_Work order_. Omit every picture and write out the rest of the records exactly.

(Dataset records)
════
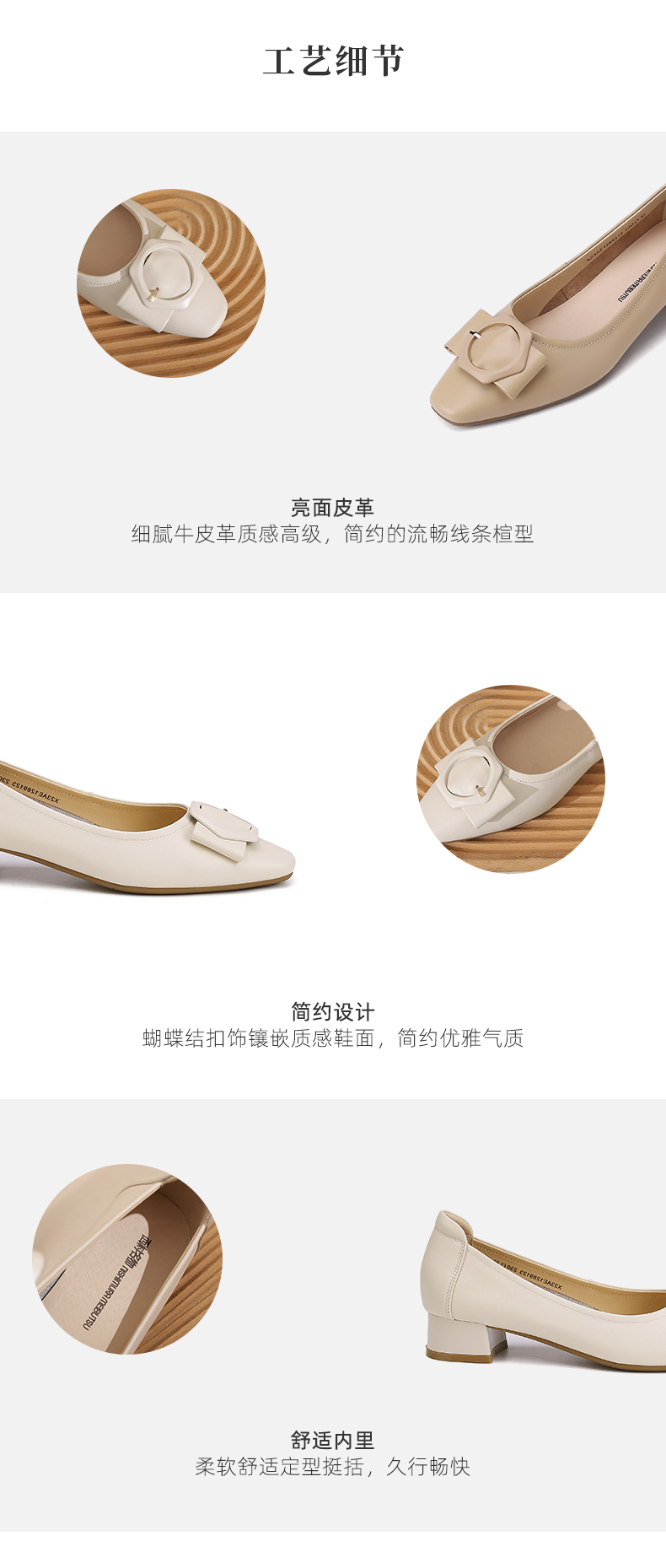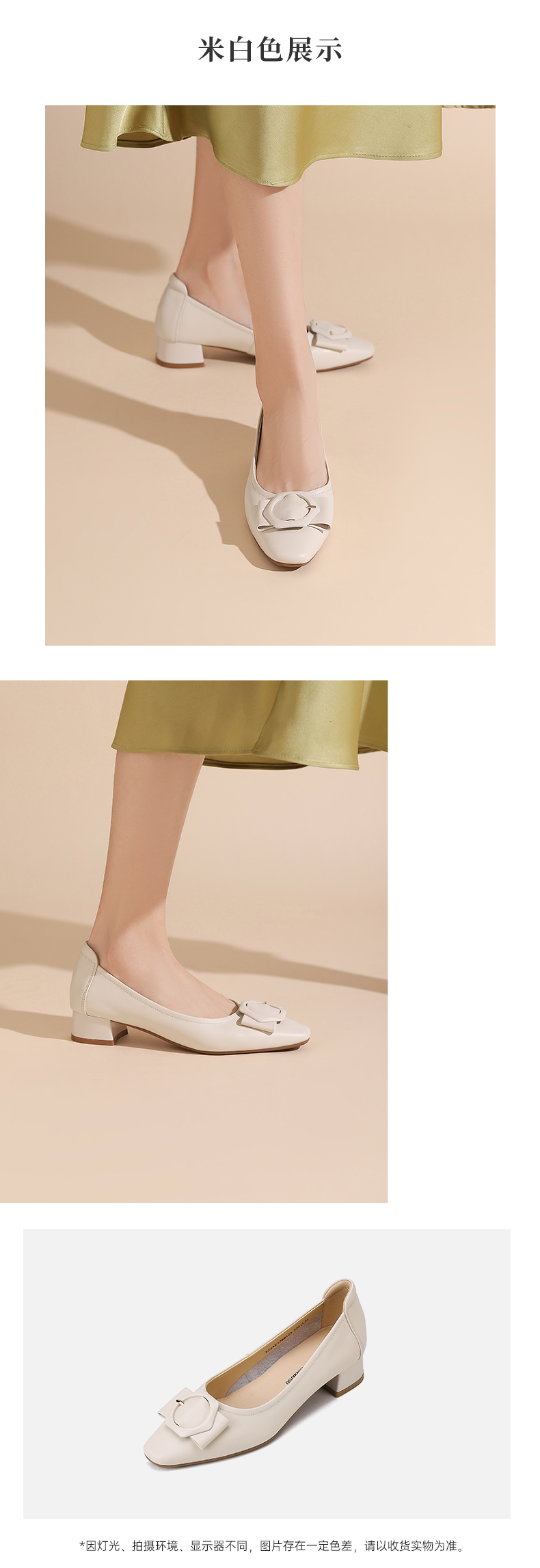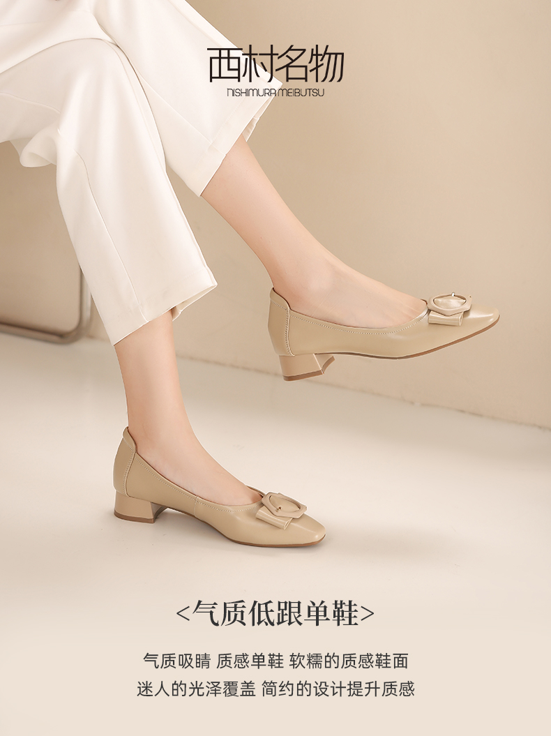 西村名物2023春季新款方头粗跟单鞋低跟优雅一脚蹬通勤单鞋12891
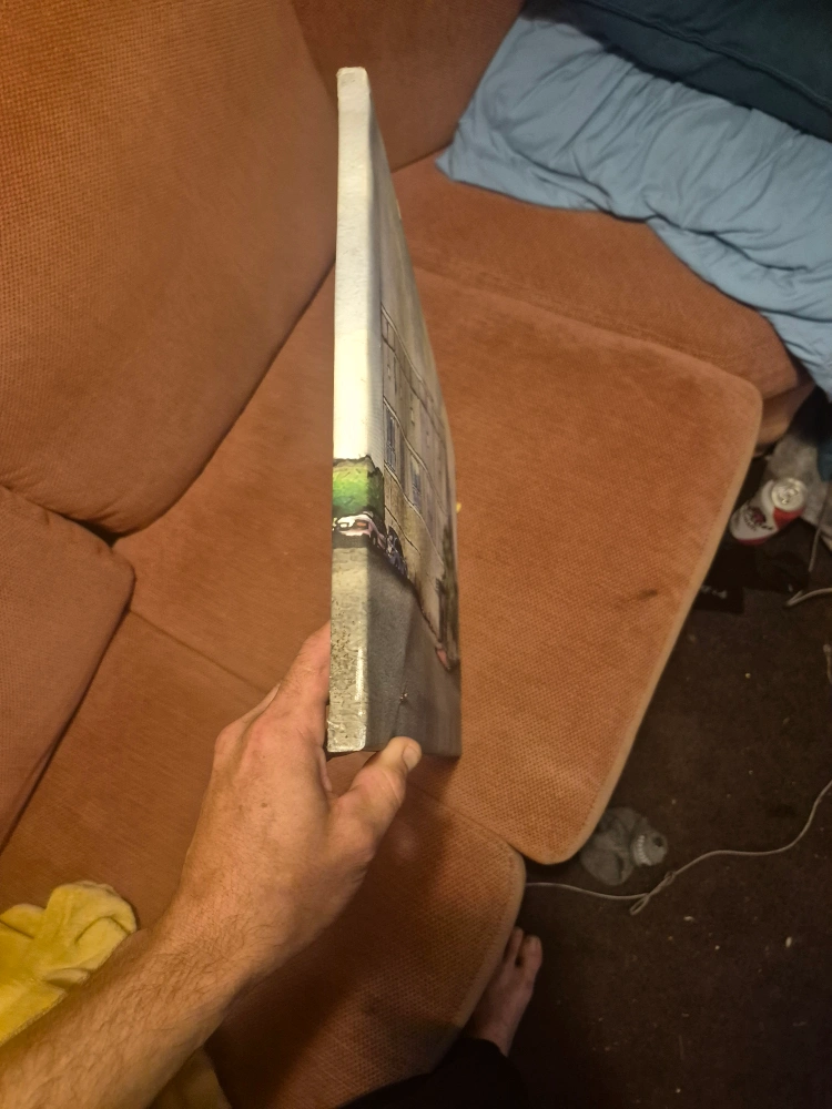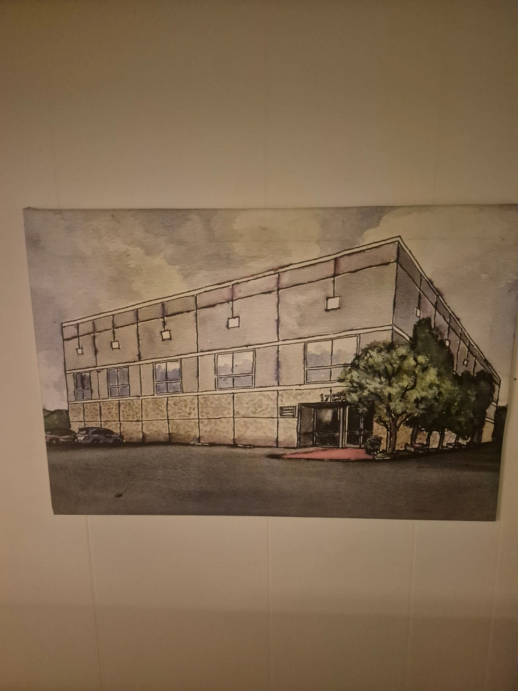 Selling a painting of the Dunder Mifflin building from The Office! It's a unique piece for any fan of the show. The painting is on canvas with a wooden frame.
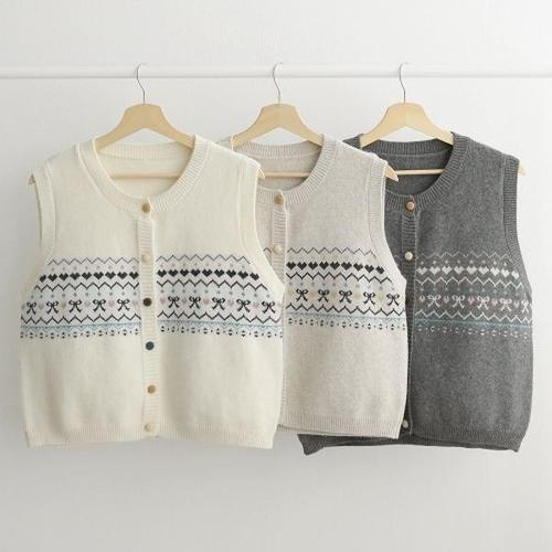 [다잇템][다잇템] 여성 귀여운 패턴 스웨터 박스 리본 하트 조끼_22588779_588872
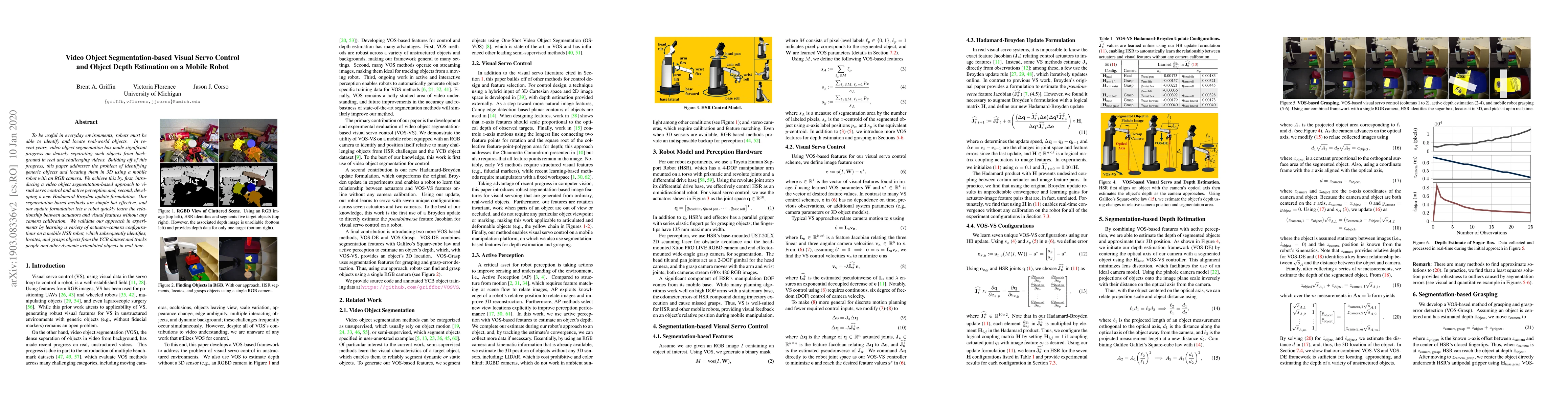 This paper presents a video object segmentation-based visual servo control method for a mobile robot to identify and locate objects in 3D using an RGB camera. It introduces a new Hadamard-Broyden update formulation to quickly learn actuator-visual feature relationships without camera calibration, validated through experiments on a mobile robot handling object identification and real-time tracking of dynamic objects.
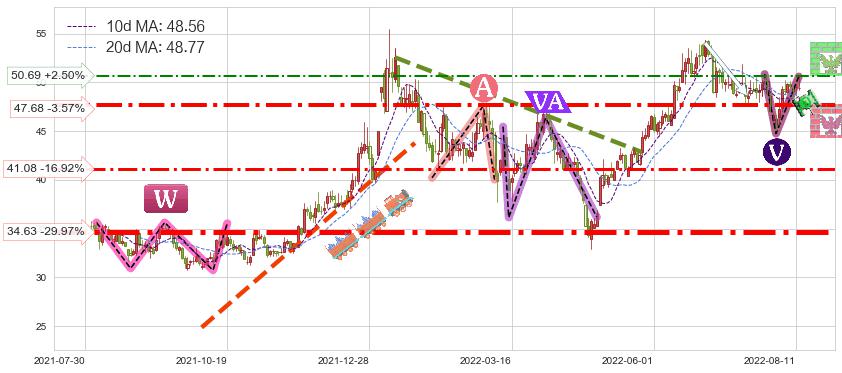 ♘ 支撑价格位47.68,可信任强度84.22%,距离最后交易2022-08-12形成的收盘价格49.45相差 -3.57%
════
_Your response_.
 西村名物2023春季新款方头粗跟单鞋低跟优雅一脚蹬通勤单鞋12891
 Selling a painting of the Dunder Mifflin building from The Office! It's a unique piece for any fan of the show. The painting is on canvas with a wooden frame.
 [다잇템][다잇템] 여성 귀여운 패턴 스웨터 박스 리본 하트 조끼_22588779_588872
 This paper presents a video object segmentation-based visual servo control method for a mobile robot to identify and locate objects in 3D using an RGB camera. It introduces a new Hadamard-Broyden update formulation to quickly learn actuator-visual feature relationships without camera calibration, validated through experiments on a mobile robot handling object identification and real-time tracking of dynamic objects.
 ♘ 支撑价格位47.68,可信任强度84.22%,距离最后交易2022-08-12形成的收盘价格49.45相差 -3.57%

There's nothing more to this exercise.